Monday, February 25, 2008

Web Users - Customers and Owners

Today I was reminded again of that quote from last week’s economist: “Citizens are not only the state’s customers; they are also its owners.” In a way, it seems to me that the government and many web services share this dichotomy in parallel. The value of many web services is generated, in one way or another, by the users themselves. As such, like the citizens and their government, web users are both customers and owners.

Yesterday I wrote about how, in the case of governments, taxation is circular as money is technically taken and given to and from the same group. Furthermore, I suggested that value is only generated by reducing expenses – by improving efficiencies. I think we can see the very same tendencies in web services; they manifest themselves in downward cost pressures. Many arguments can be made for why internet services are often free.
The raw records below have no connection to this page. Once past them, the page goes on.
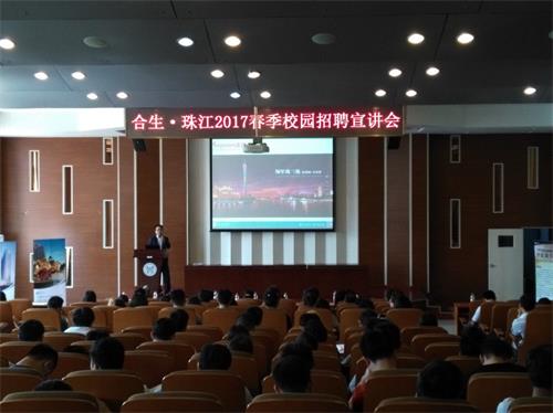 2017年5月18日,合生·珠江2017年校园宣讲会问鼎国际 专场在我院理工馆学术报告厅隆重举行。珠江集团住宅事业部副总经理兼成本经营中心总监熊晓梅、人力资源梁家驹经理,华北珠江公司人力副总监杜辉、赵杰,合生创展集团人力资源刘宇杰经理、合生创展华北片区人力常务副总监冯玉斌,问鼎国际 党委书记兼院长王斌、副院长张永峰、土木系主任刘胜富、招生就业处处长张卫出席此次宣讲会,我院就业指导中心全体成员、毕业班辅导员和土木工程系200余名毕业生参加了本次宣讲会。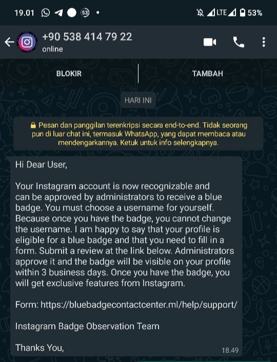 CIANJURUPDATE.COM, Cianjur – Beredar pesan WhatsApp berbau penipuan yang mengatasnamakan Instagram yang bermodus verifikasi akun dengan cepat melalui https://bluebadgecontactcenter.ml/help/support/ .Pesan tersebut diduga kuat berupa penipuan karena link yang diberikan tidak merujuk kenl laman resmi Instagram.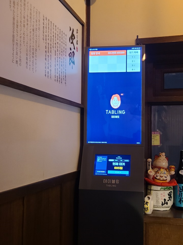 야스노야지로는 예약을 하시는 것이 가장 좋습니다. 5시 타임과 6시 30분 타임은 '에그다이닝'이라는 어플을 통해 예약이 가능합니다. 8시 타임의 경우 테이블링을 통해 웨이팅을 하셔야하는데요. 가게 내부에 테이블링 키오스크가 있습니다.
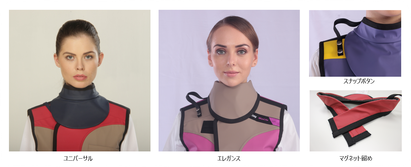 Protects the thyroid gland, which is sensitive to X-rays. In addition to the Velcro type, a magnetic type is also available for easy attachment and removal.
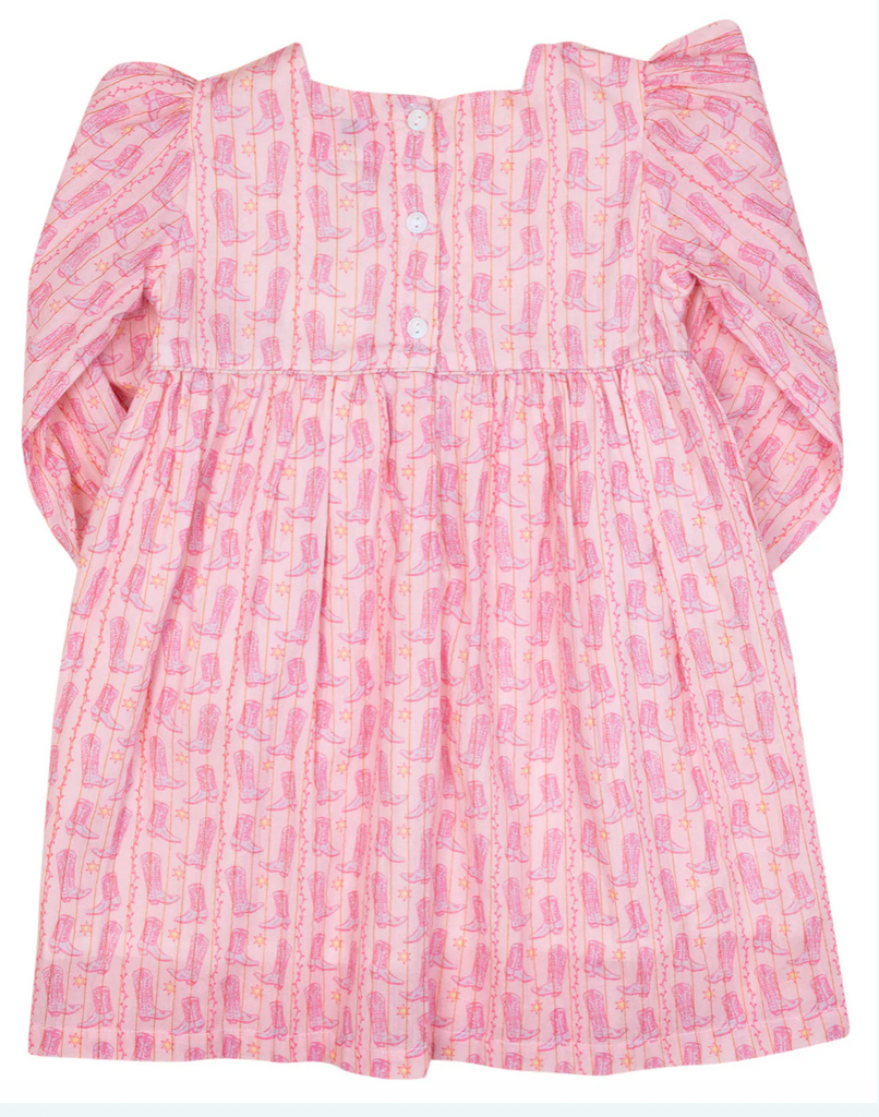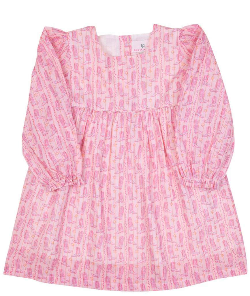 A little bit of country, a whole lot of charm! This Cowgirl Boots Dress with Gold Lurex is the perfect blend of western flair and feminine elegance. Featuring a fun cowgirl boot print with shimmering gold lurex accents, this dress shines with every twirl. The long sleeves and square neckline add a touch of vintage charm, making it ideal for fall festivities, rodeo days, or casual outings.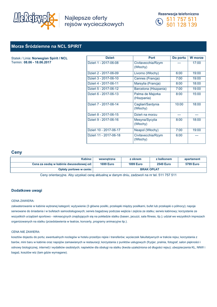 Morze Śródziemne na NCL SPIRIT Ceny

A compelling one, I think, is that it is simply because it is users themselves that generate the value of these services; they are the owners; and it makes no sense to charge the owners.

I’m sure this is not a new idea. What I began wondering though, was whether the cost pressures that manifest themselves in online services would manifest themselves in the government. In other words, is the eventual inclination towards zero taxation? After all, the public sector generally lags behind the private one.

I can actually almost see this theoretical limit as a realistic possibility. The web is, after all, a tool to facilitate communication. Take the web’s capacity closer to its potential and it should have the ability to communicate and mobilize a collective for itself and by itself – a real democracy, no?